*** RECORDS TO PROCESS ***
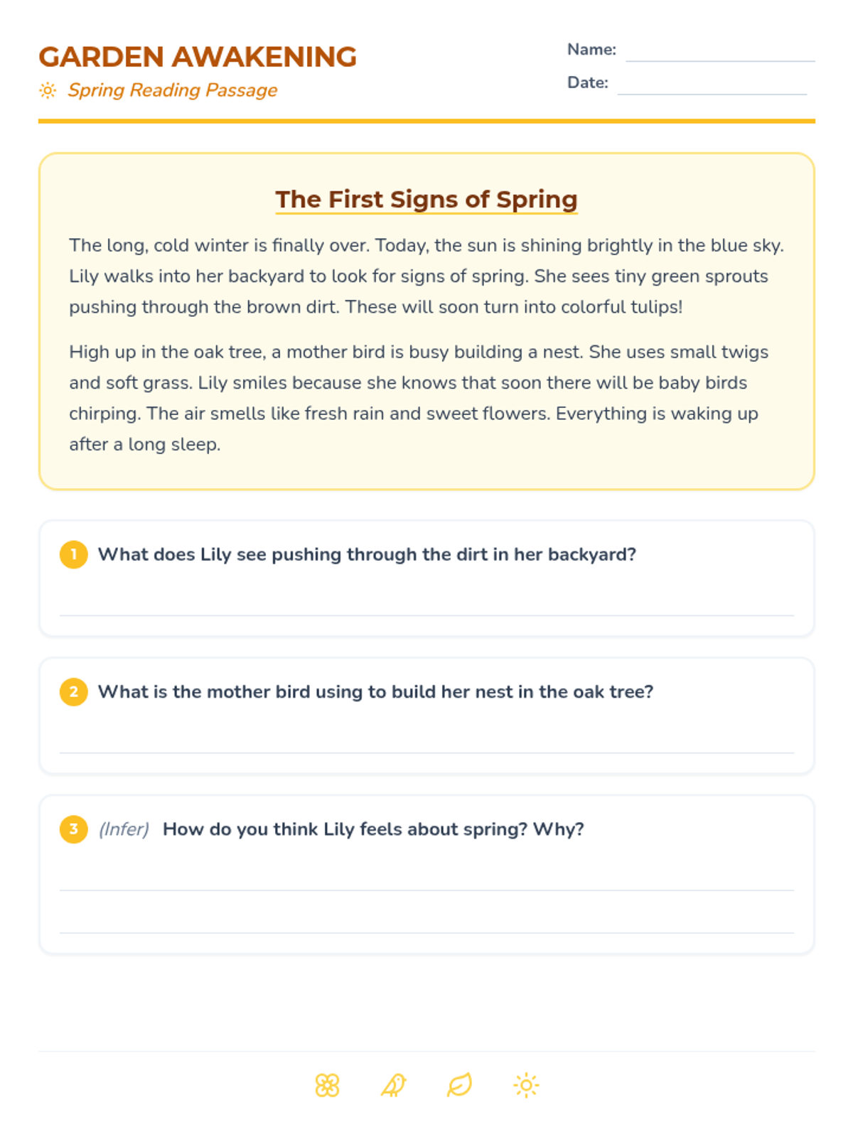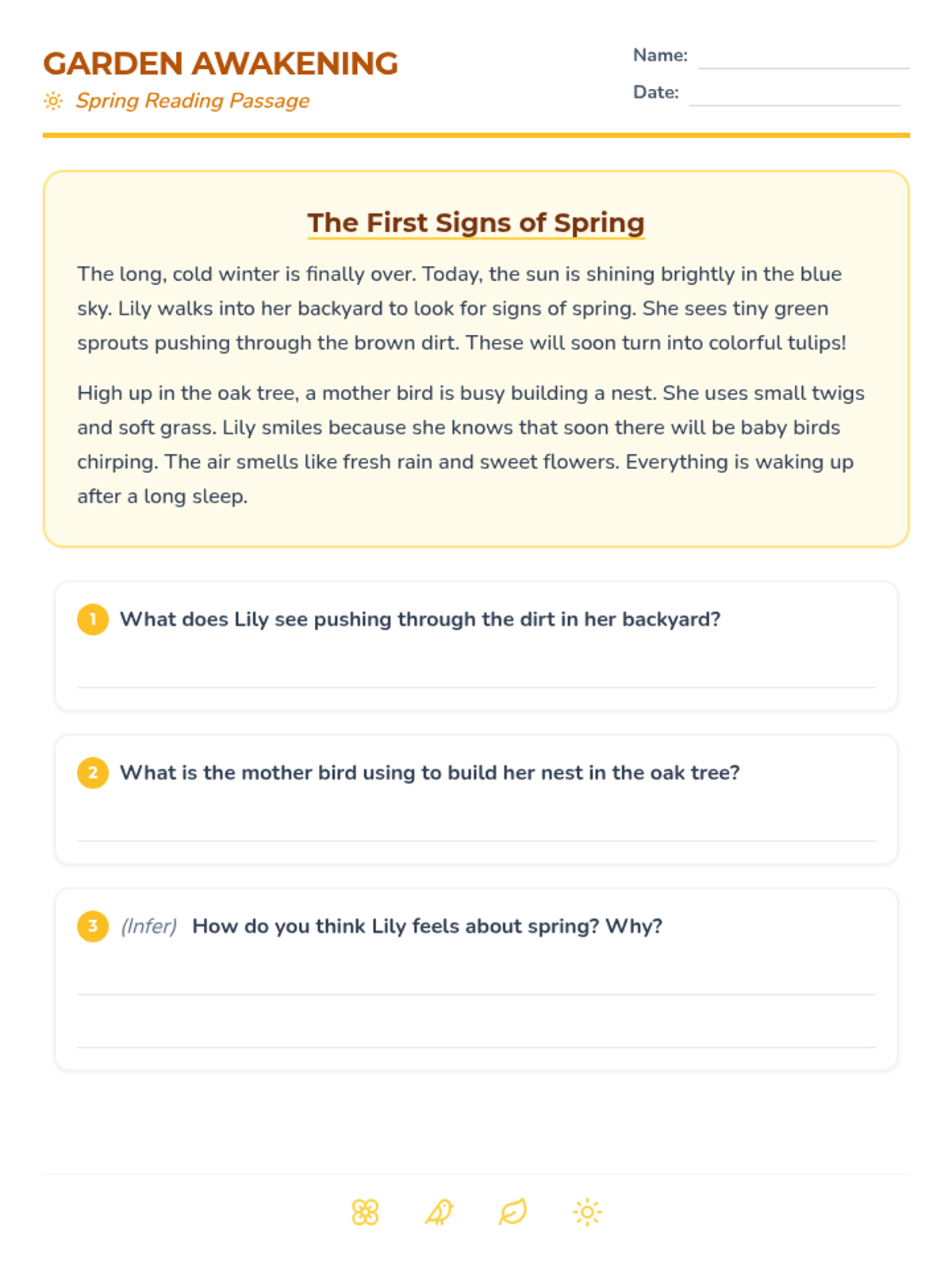 A collection of four diverse homework worksheets for 2nd-grade students, covering fractions, reading comprehension, multiplication basics, and phonics word sorting with a cohesive spring theme.
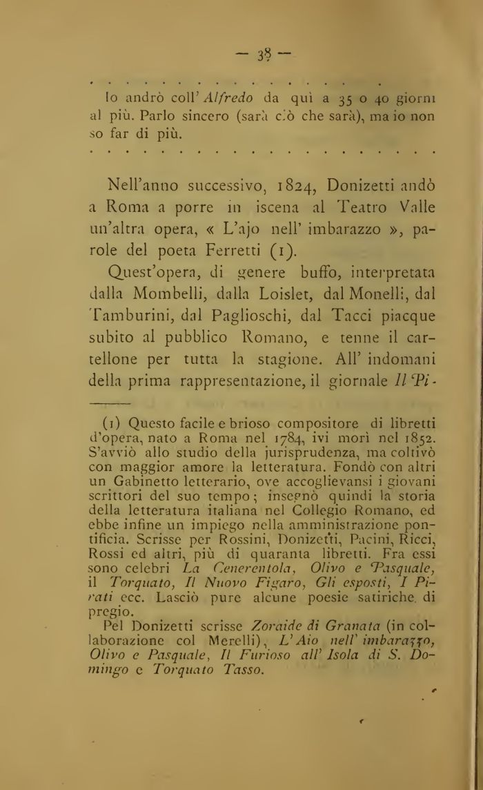 Nell'anno successivo, 1824, Donizetti andò a Roma a porre in iscena al Teatro Valle un'altra opera, « L'ajo nell' imbarazzo », parole del poeta Ferretti (1).
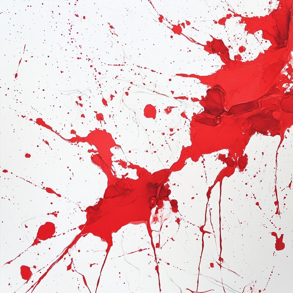 Создано на основе запроса: red goo splattered on white floor, top down view
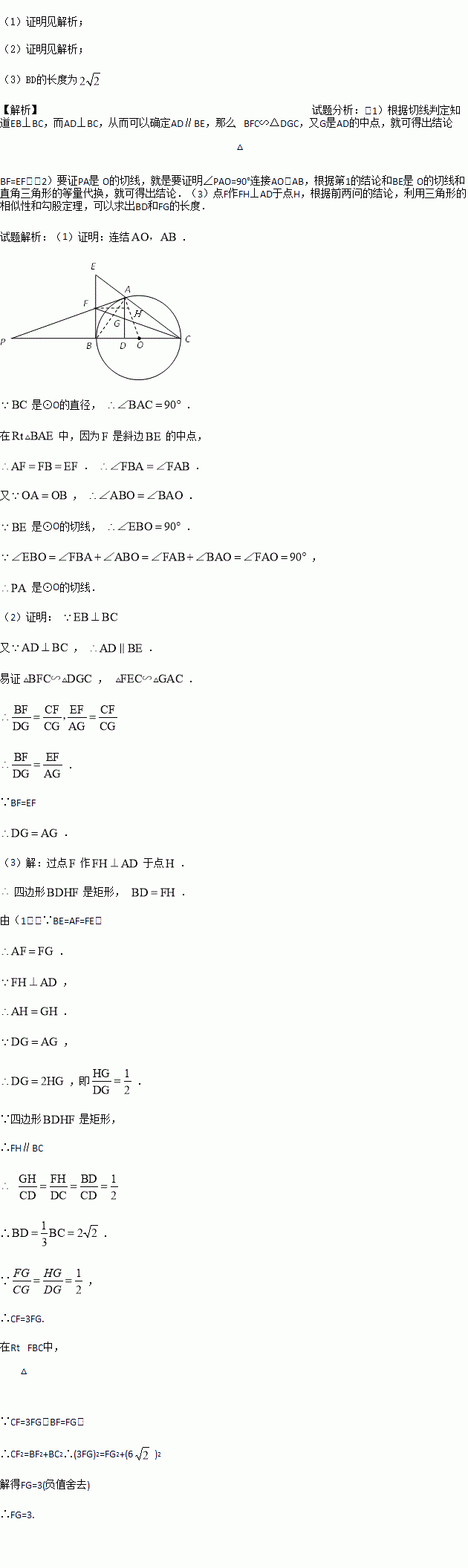 如图1,BC是⊙O的直径,A是⊙O上一点,过点B作⊙O的切线,与CA的延长线相交于点E,F是BE的中点,延长AF与CB的延长线相交于点P.
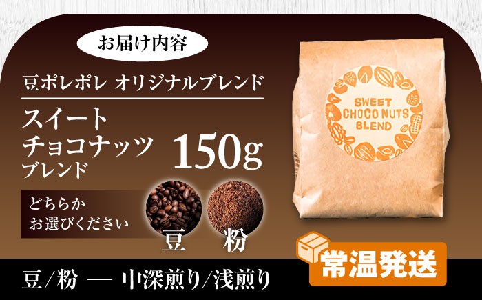飲んだ後の余韻は、まるでチョコナッツ。 豆ポレポレオリジナルブレンド スイートチョコナッツブレンド 150g コーヒー豆 珈琲豆 ブレンド ギフト 沖縄市 8000円 / 豆ポレポレ [BCAW008]
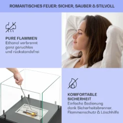 Phantasma Cubo Ethanol-Kamin Rauch- & Geruchlos Edelstahl-Brenner Sicherheitsglas
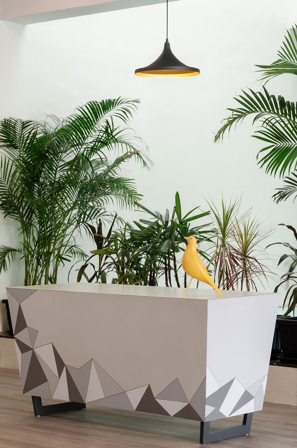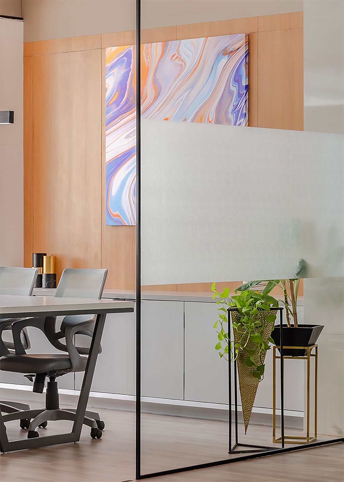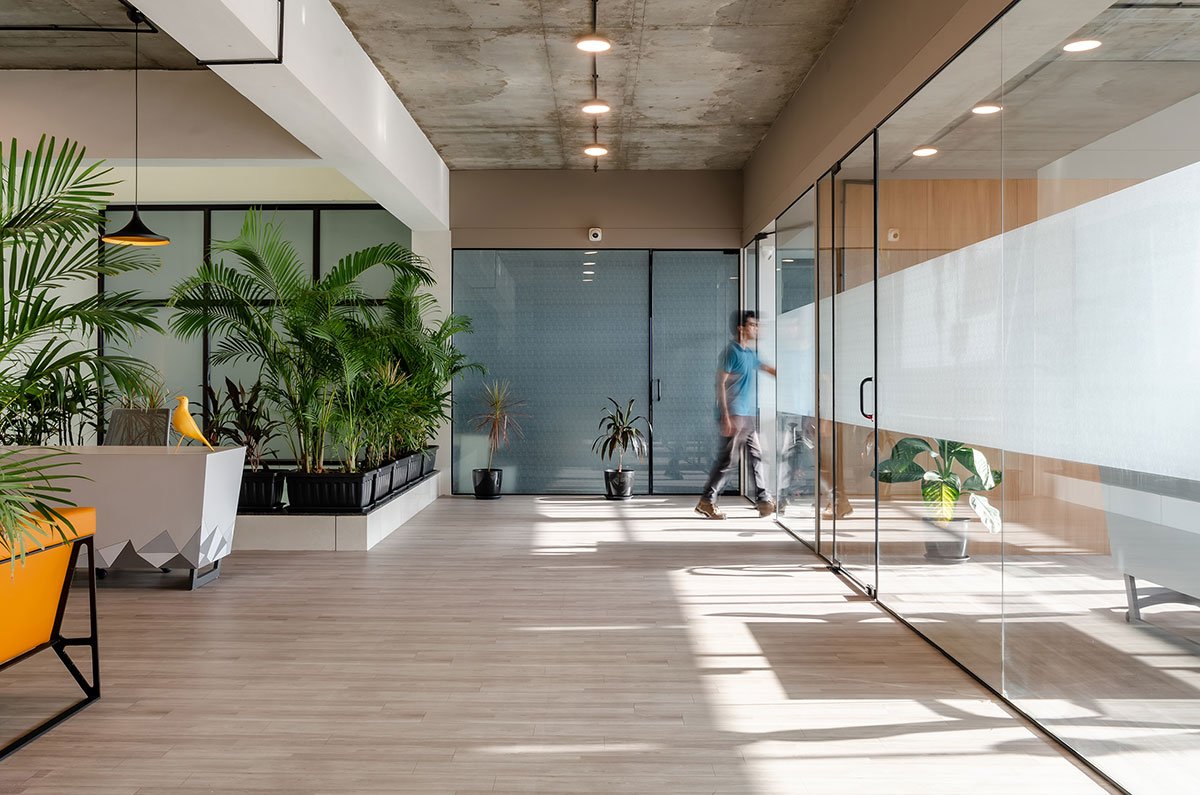 Upon entering the premise, you feel the flora gallery where you are greeted by the abundant touch of the sun’s rays and the various shrubs. This is not just an office; this is a manmade ‘tiny jungle’ which is adorned with an art canvas and sculpted furniture. The vinyl floor surface gives a seamless visual and maintains the spaciousness of the whole area. The hallway is lit up with plentiful sun rays which are connected to a lead thin-frame glass partition layer which makes you feel like you are standing outside in the greenery as the sun’s rays are spread evenly at every corner. All cabins are completely transparent but also maintain privacy using minimal obstruction. Seating in a waiting lounge makes you feel like you are in a park; an informal lounge makes you feel open. Minimally, an executive space gives a soothing as well as homely feel with lavish green.
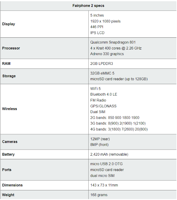 IT之家了解到,在配置规格上,Fairphone 2 手机搭载骁龙 801 芯片,采用 5 英寸的 1920x1080 分辨率 IPS LCD 屏幕,搭载 2GB LPDDR3 内存,32GB eMMC 5 存储,前置 8MP 相机,后置 12MP 相机,内置可拆卸的 2420mAh 电池,采用 USB 2.0 端口,机身尺寸为 143x73x11mm,重量 168 克。
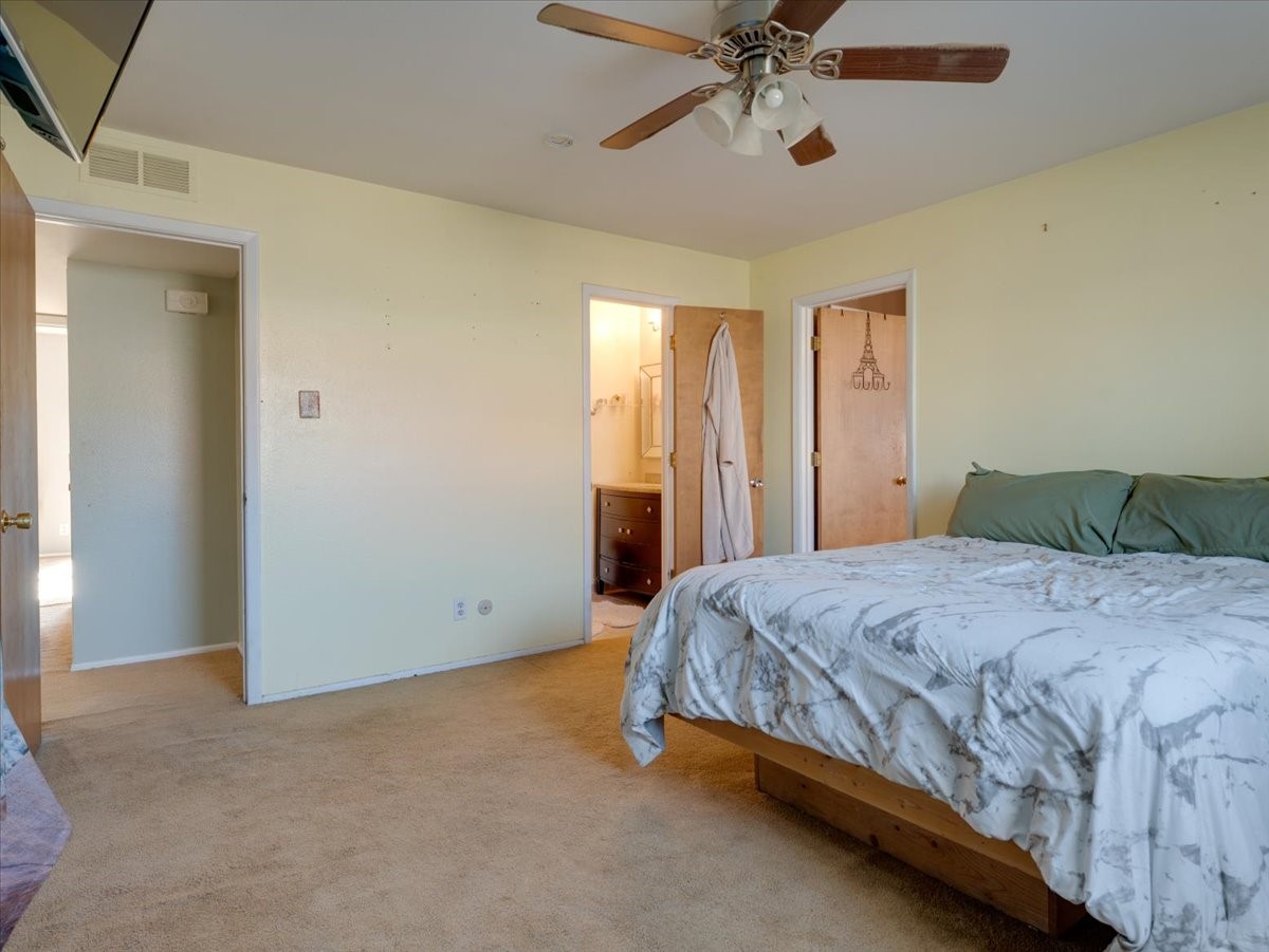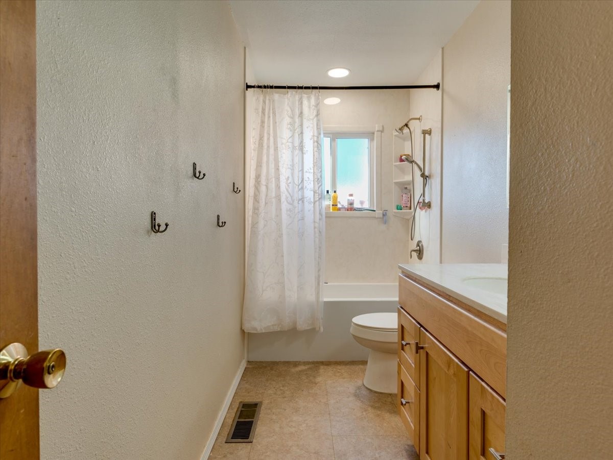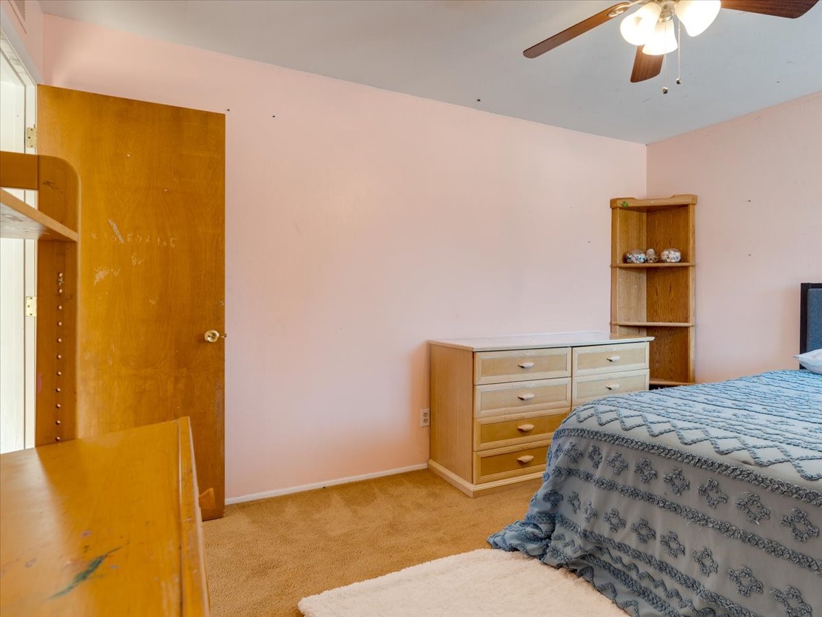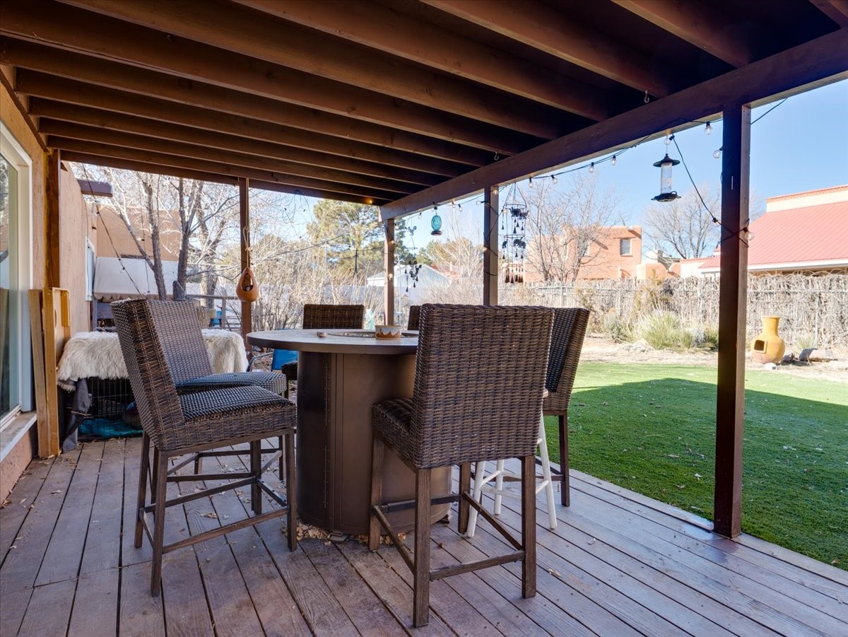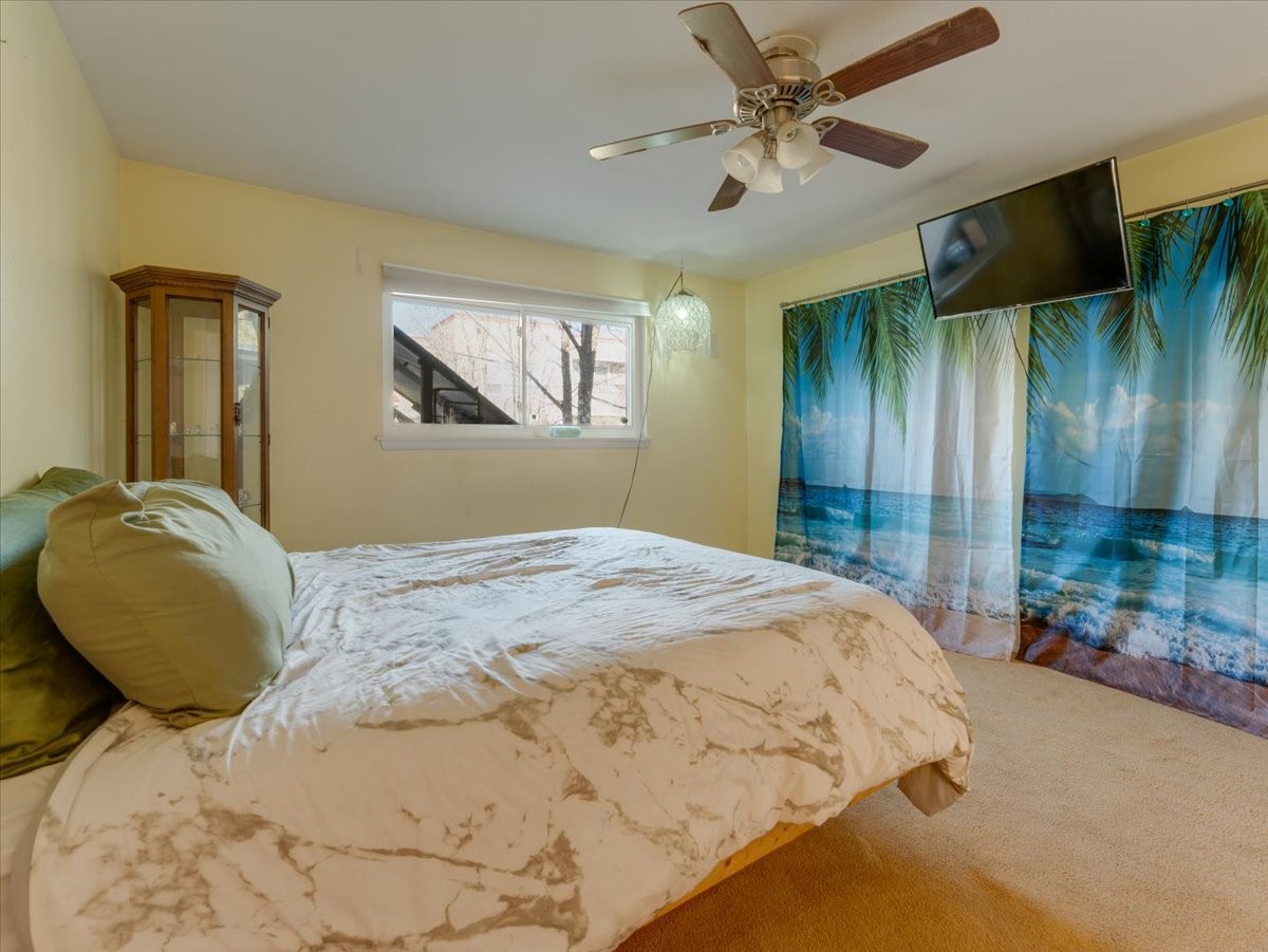 Welcome to this charming single-family home in White Rock, ideally located near Rover Park, bus stops, and scenic hiking trails. A south-facing front porch greets you with warm morning sunshine and the added benefit of quicker winter snow melt on the driveway. Inside, the home opens to a bright and inviting living room highlighted by a large fireplace and expansive windows that frame views of the backyard while filling the space with natural light. Just off the living room, the kitchen offers ample counter space, a small peninsula, and excellent potential for future updates. A dedicated laundry room with generous storage adds everyday functionality. Down the hall are two bedrooms served by a full bathroom. The primary suite offers flexibility, with access to a fourth bedroom tucked away from the main living areas. If a fourth bedroom isn't needed, this room is ideal for a private home office, library, workout room, or creative studio. The home has central air conditioning. Outside, the backyard features a covered patio perfect for all-season enjoyment, a low-maintenance area of artificial turf, and a generous yard ready for a new owner's vision of a garden, play space, or outdoor entertaining. With its desirable location, abundant natural light, and versatile layout, this home presents a wonderful opportunity to personalize and enjoy for years to come. Schedule your private showing today.
*** End of RECORDS TO PROCESS ***
▶ DIRECTIONS FOR THIS TASK: Reproduce the material word for word, minus the images.

▶ EXERCISE SOLUTION:
 A collection of four diverse homework worksheets for 2nd-grade students, covering fractions, reading comprehension, multiplication basics, and phonics word sorting with a cohesive spring theme.
 Nell'anno successivo, 1824, Donizetti andò a Roma a porre in iscena al Teatro Valle un'altra opera, « L'ajo nell' imbarazzo », parole del poeta Ferretti (1).
 Создано на основе запроса: red goo splattered on white floor, top down view
 如图1,BC是⊙O的直径,A是⊙O上一点,过点B作⊙O的切线,与CA的延长线相交于点E,F是BE的中点,延长AF与CB的延长线相交于点P.
飲んだ後の余韻は、まるでチョコナッツ。 豆ポレポレオリジナルブレンド スイートチョコナッツブレンド 150g コーヒー豆 珈琲豆 ブレンド ギフト 沖縄市 8000円 / 豆ポレポレ [BCAW008]
 Phantasma Cubo Ethanol-Kamin Rauch- & Geruchlos Edelstahl-Brenner Sicherheitsglas
 Upon entering the premise, you feel the flora gallery where you are greeted by the abundant touch of the sun’s rays and the various shrubs. This is not just an office; this is a manmade ‘tiny jungle’ which is adorned with an art canvas and sculpted furniture. The vinyl floor surface gives a seamless visual and maintains the spaciousness of the whole area. The hallway is lit up with plentiful sun rays which are connected to a lead thin-frame glass partition layer which makes you feel like you are standing outside in the greenery as the sun’s rays are spread evenly at every corner. All cabins are completely transparent but also maintain privacy using minimal obstruction. Seating in a waiting lounge makes you feel like you are in a park; an informal lounge makes you feel open. Minimally, an executive space gives a soothing as well as homely feel with lavish green.
 IT之家了解到,在配置规格上,Fairphone 2 手机搭载骁龙 801 芯片,采用 5 英寸的 1920x1080 分辨率 IPS LCD 屏幕,搭载 2GB LPDDR3 内存,32GB eMMC 5 存储,前置 8MP 相机,后置 12MP 相机,内置可拆卸的 2420mAh 电池,采用 USB 2.0 端口,机身尺寸为 143x73x11mm,重量 168 克。
 Welcome to this charming single-family home in White Rock, ideally located near Rover Park, bus stops, and scenic hiking trails. A south-facing front porch greets you with warm morning sunshine and the added benefit of quicker winter snow melt on the driveway. Inside, the home opens to a bright and inviting living room highlighted by a large fireplace and expansive windows that frame views of the backyard while filling the space with natural light. Just off the living room, the kitchen offers ample counter space, a small peninsula, and excellent potential for future updates. A dedicated laundry room with generous storage adds everyday functionality. Down the hall are two bedrooms served by a full bathroom. The primary suite offers flexibility, with access to a fourth bedroom tucked away from the main living areas. If a fourth bedroom isn't needed, this room is ideal for a private home office, library, workout room, or creative studio. The home has central air conditioning. Outside, the backyard features a covered patio perfect for all-season enjoyment, a low-maintenance area of artificial turf, and a generous yard ready for a new owner's vision of a garden, play space, or outdoor entertaining. With its desirable location, abundant natural light, and versatile layout, this home presents a wonderful opportunity to personalize and enjoy for years to come. Schedule your private showing today.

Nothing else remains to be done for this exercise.